There are currently 23 full-time custodians and three bus drivers who assist with custodial needs while not transporting children who report to Peter Evangelista, head of the Custodial Department for the schools.
“While some custodians have expressed their concern with the recently released Task Force report, they continue to take great pride in their work,” he said.
At the beginning of his report, Tarbell said that the Task Force found the schools “picked up” but no “deep cleanings” had been done. He cited lack of manpower and time as reasons for the shortfall.
Evangelista this week gave his views on the situation and said that deep cleanings are handled during the summer months and include “top to bottom cleaning of every space in the buildings.”
“This also includes stripping and waxing all floors,” he commented. “We are also able to conduct some deep cleaning during school vacation weeks and during the second and third shifts, as needed.”
Evangelista continued: “Over the years, the custodial staff has been cut due to budget constraints. In addition to all restrooms being cleaned and sanitized daily, every classroom and hallway is ‘floor cleaned’ (trash emptied and floors swept) daily, but there are not enough resources available to put a rotational schedule in place to systematically work our way through each building.
“Ideally, I would like to see the custodial resources increased so we could move through each section of each building on a schedule to allow full cleaning to occur three or four times per year instead of only summer breaks.”
Evangelista also wanted to clarify an issue concerning communication between himself and Chris Pierce, who oversees the town’s buildings apart from schools. The Task Force report mentioned that the two do not communicate on a daily basis.
“I believe Mr. Tarbell was referring to how our work order systems do not communicate,” he said.
The Task Force also called for the sanitization of all surfaces inside the schools, something that has been lacking, according to the Task Force’s findings.
Evangelista agreed with the assessment and said that certain areas do require daily sanitized cleaning, such as the cafeteria and restrooms.
“The custodial staff also walks the grounds each morning to pick up trash and identify any safety concerns in the play areas,” he said. “They also examine the grounds for graffiti or vandalism to school property.”
Evangelista insisted that it would be nearly impossible at current staffing levels to expect a custodial staff member to sanitize 25 student desks, tables, door handles, countertops, lockers and chairs in each of the 20 to 25 classrooms, bathrooms, corridors and offices they are assigned to clean during their eight-hour shift.
Currently, there are three shifts of custodial staff at the high school and middle school. The majority of the staff is on duty between 3 p.m. and 7 a.m. to handle daily cleanings. Evangelista explained that the custodians on staff during the day are primarily tasked with cleaning the cafeteria during and after lunch service as well as addressing issues that arise (cleaning up after sick students, accepting deliveries, restocking supplies, changing light bulbs and things of that nature).
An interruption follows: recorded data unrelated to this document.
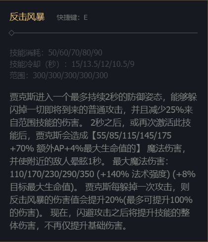 2、E技能是进入防御姿态,躲闪一切普通攻击,对范围技能免伤,2秒后或者再次施放E技能可以对敌人造成伤害并且眩晕敌人。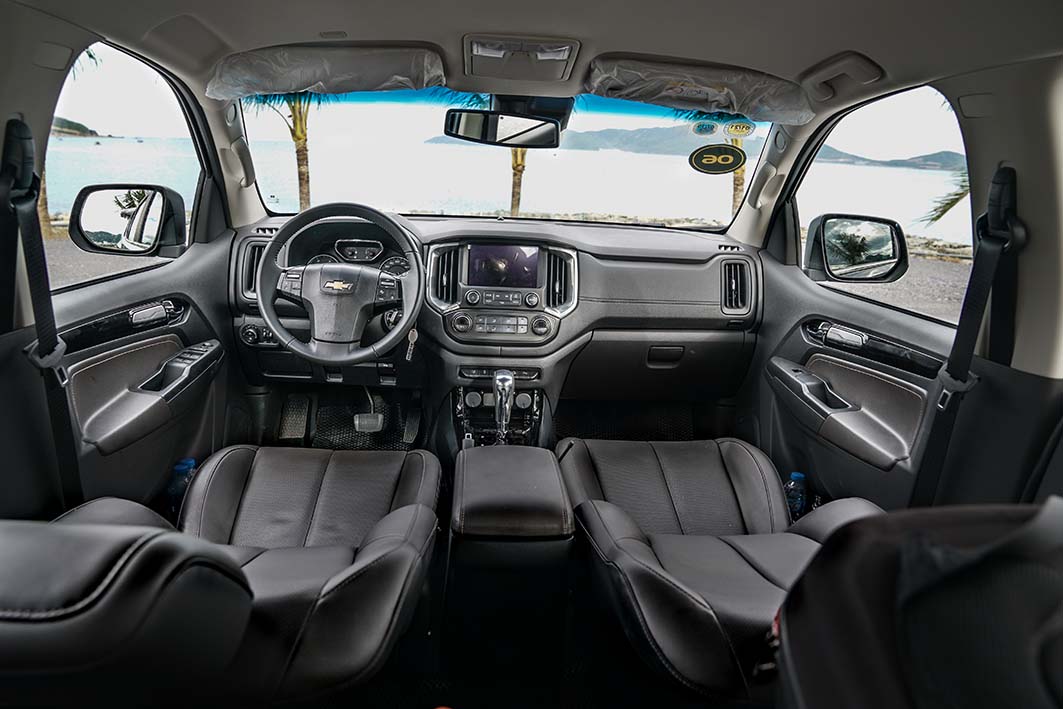 Nội thất xe cũng nhiều tương đồng với chiếc bán tải Colorado và rất Mỹ: Rộng rãi, tiện nghi và thực dụng. Nội thất ghế bọc da với tông màu đen xám như các dòng xe cao cấp. Mặt táp-lô và các chi tiết cửa với vật liệu nhựa nhưng được làm như bằng da. Tuy nhiên điều chúng tôi cảm thấy thoải mái ở đây là sự rộng rãi bên trong một chiếc xe 7 chỗ với nhiều vị trí để đồ khá tiện dụng cho cả 3 hàng ghế. Khoang hành lý phía sau khá rộng đủ để chứa cả núi các túi đồ và cả các thiết bị tác nghiệp của cả nhóm 4 người chúng tôi.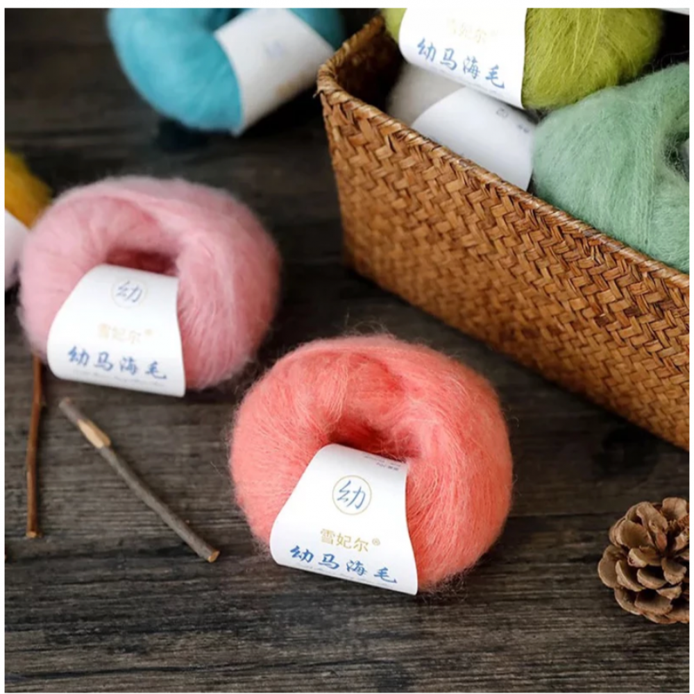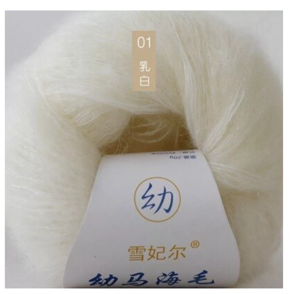 Product name: Little Filly Composition: 45% South African horse mohair 27% Merino wool 28% nylon Weight: 20g Length: 200cm approx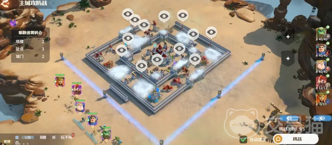 在进入玩法之前,要先设置自己的进攻阵容,布置好主城的防御布局以及阵容。在进攻时,除了要提高战力之外,还有一些需要注意的店,要观察敌军的布局,搞清楚敌人的整体建筑布局,龙石结界位置。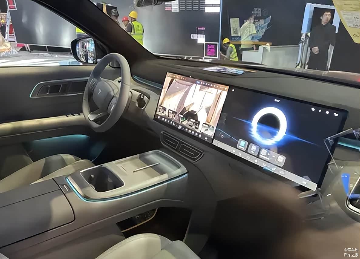 进到车里瞧瞧,前排这布局,熟悉不?副驾驶那边的大联屏加上HUD抬头显示,三屏联动,这套组合拳现在国内新势力品牌可太流行了。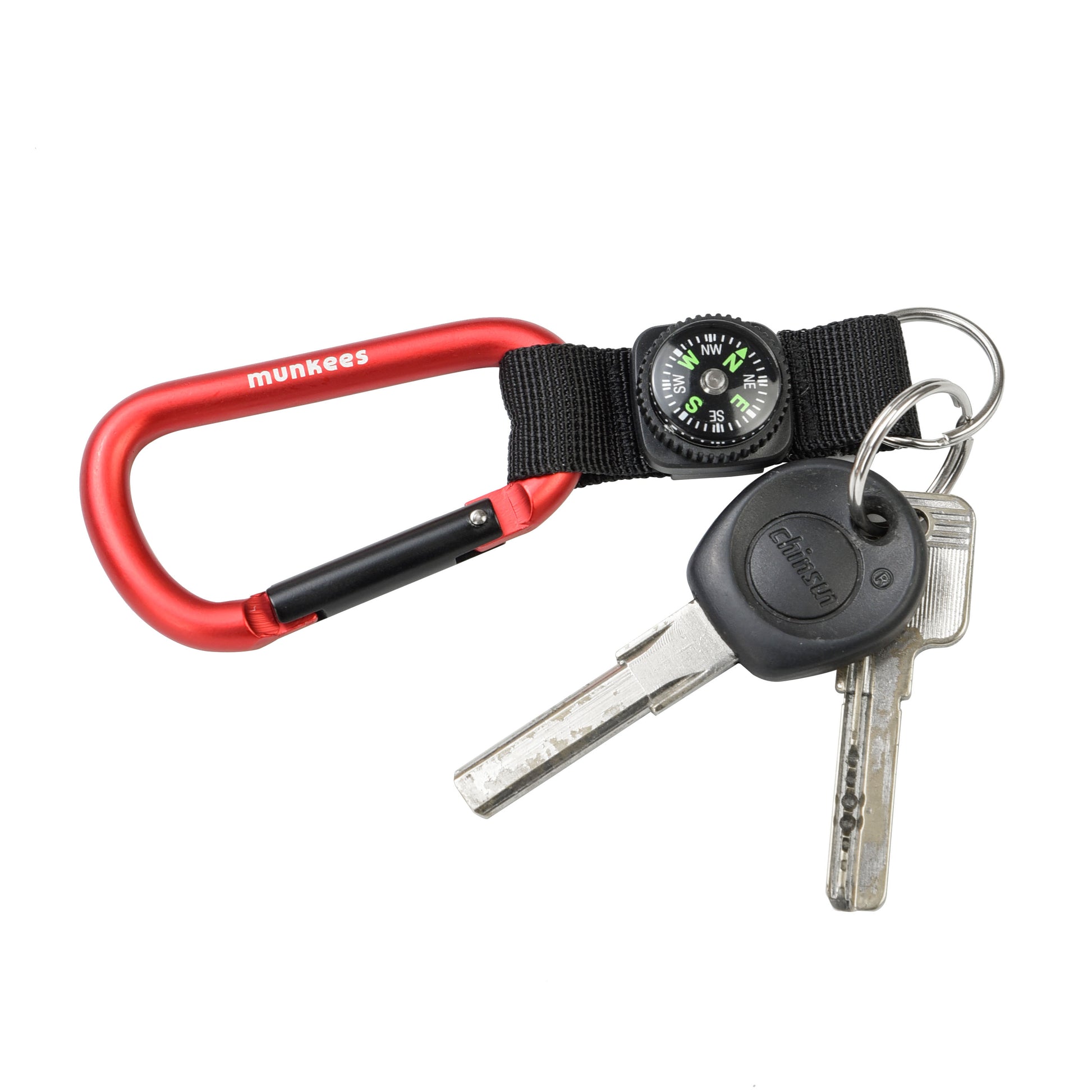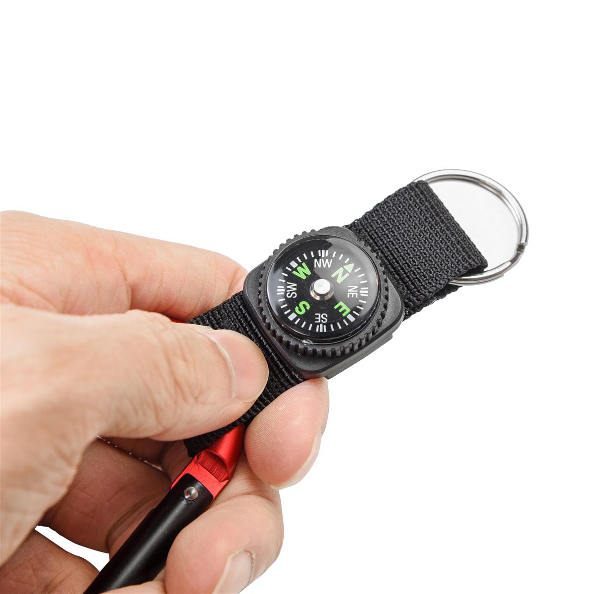 Der Karabiner lässt sich einfach an Rucksack, Gürtelschlaufe oder Tasche befestigen und hält Schlüssel oder andere kleine Gegenstände griffbereit. Der eingebaute Kompass unterstützt bei der groben Orientierung in der Natur.

“In three of the elementary schools, we run two shifts, again with the majority being after hours. In the two smaller elementary schools we run one shift per day,” he commented.
One of the Task Force’s targets was to look at overtime costs and how they might be addressed.
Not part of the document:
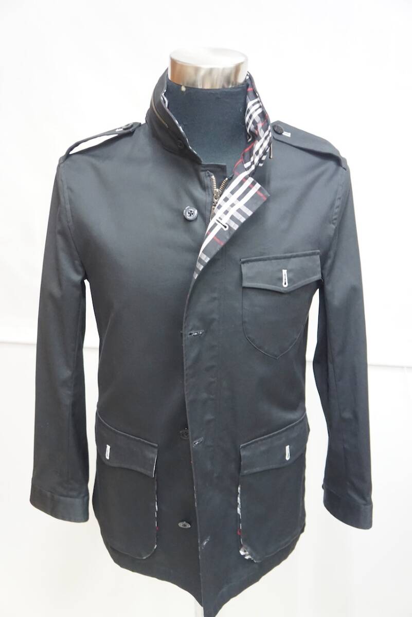 > ♪BURBERRY BLACK LABEL★ステンカラーコート/L/コットン/BLK/ロゴ刺繍/BMP40-612-09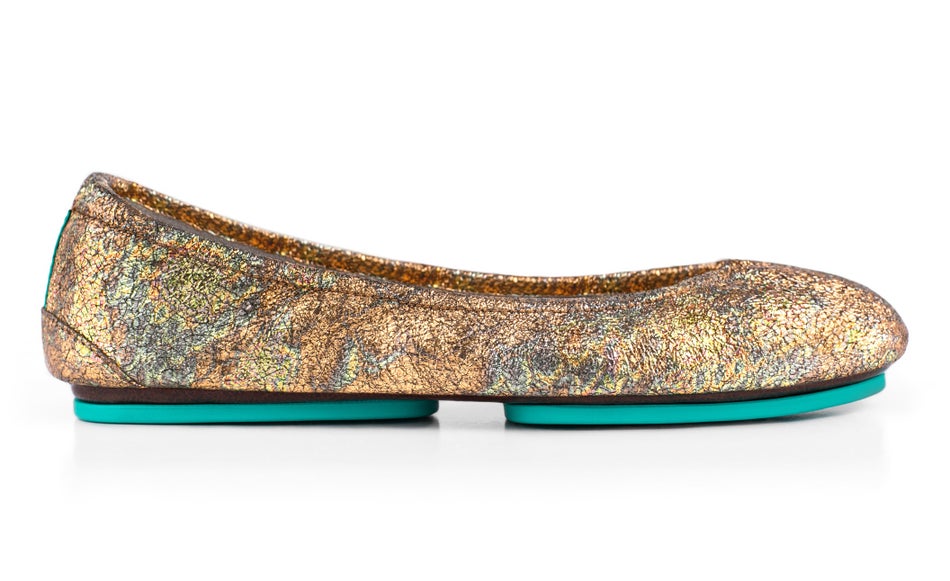 Our Starstruck, Lovestruck, and Moonstruck Tieks are crafted from soft, Italian leather that is pressed with a delicate foil, then tumbled to give the leather a crackled, antiqued appearance. The leather is unique in that it has a subtle, iridescent pattern which gives the leather an uncommonly brilliant shine with a unique pattern. The warm, metallic luster of these leathers create a dazzle that the typical glitter leather cannot match.

In response, Evangelista said that overtime can occur at certain times during the year to accommodate for snow removal or to cover for an employee who might be out sick or on vacation.
“If an employee is expected to be out for a long period of time, we attempt to bring in a substitute custodian,” Evangelista said “Also, a custodian who is called back to check on an alarm is paid at the overtime rate.”
He added that the custodians did a “great job” this summer getting the schools ready to open.
“They take pride in what they do every day,” he said. “There are many things that people won’t see that they do during their work day — such as setting up for meetings, fixing furniture, delivering supplies, painting and fixing lockers.
“It’s real easy to point out some of the negative things, but there are many positive things we can look at, also. We are always looking to improve and make things more efficient.”
On Monday night, Tarbell went before the Board of Selectmen to apprise them of the Task Force’s findings, and a suggestion was made to form yet another committee.
In today’s Forum, Selectman Phyllis Hull wrote: “We have enough committees right now that should know what to do. We do not need more.”